The documents in the collection are product skus but the searchable fields
are mostly product oriented, and we have between 2 and 500 skus per
product. There are about 2,463,442 documents in the collection.

We need the results by relevancy so the application sorts the results by
score desc, and the unique id ascending as the tie breaker

We discovered that the application often returns duplicate records from a
search. I believe that this is due to the NRT replicas having slightly
different index data due to commit orders and different numbers of deleted
records. For many queries we see about 20 to 30 results duplicated. The
results from solr are sent to another system to retrieve pricing
information. This system is not yet fully populated so that out of a 1000
results we may return 350 or so. The problem is each time we called the
application with the same query we would see different results. I saw it
vary between 351 which was correct to 341 and 346. I believe that for each
"duplicate" found by the application, there is also a result that was
missed.

The numberFound from the solr Query response does not vary

This variability in the same query is unacceptable to the business. For
quite a while I thought it was in our code, or in the call to the other
system. However, we now know that it is Solr.

I created a simple test driver that calls solr and pages through the
results. It maintains a set of all the ids that we've encountered and it
will regularly find 20 or more duplicates depending upon the query.

Some observations:
The unique id is unique, it's used in other systems for this data.

If we do an optimize on the collection, the duplicates won't show up until
the next data load

I created a second collection that used the TLOG replica type, and we don't
see the problem even with repeated data loads.


The data in the collection is kept up to date by an etl process that
completely reindexes the data once a week. That would be how it would work
once in production anyway we reload it more frequently as we're testing the
app.

My boss has lost all confidence in Solrcloud. It seems that it cannot find
the same data in subsequent searches. Returning consistent results from a
search is job #1 and solrcloud is failing at that.

It looks like using TLOG replicas seems to address the issue, it appears
that you cannot trust NRT replicas to return consistent results.

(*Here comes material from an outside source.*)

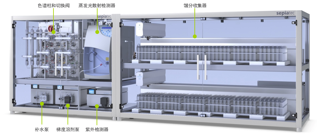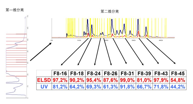 Sepbox 2D-2000 可以在一天內純化收集多達 576 個餾分,其中 20%-30% 的餾分純度可以達到 90% 至 99% (ELSD下)。

The scores for many searches are fairly flat with not a lot of variability
in them, which means that a small difference in a score can change the
order of results.

We found that upgrading to 7.2 in our production servers and using tlog
replicas worked, but the alternative of optimizing after each load while a
hack does seem to address the problem too, however determining when to
optimize would be difficult to automate since we use CDCR to replicate the
data to a cloud environment and it's not easy to determine when the remote
collections are fully loaded.

The only other thing I can think of is tweaking the lucene merge algorithm
to better remove deleted documents from the index

Have others encountered this kind of inconsistency in solrcloud? I cannot
believe that we're the first to have encountered it.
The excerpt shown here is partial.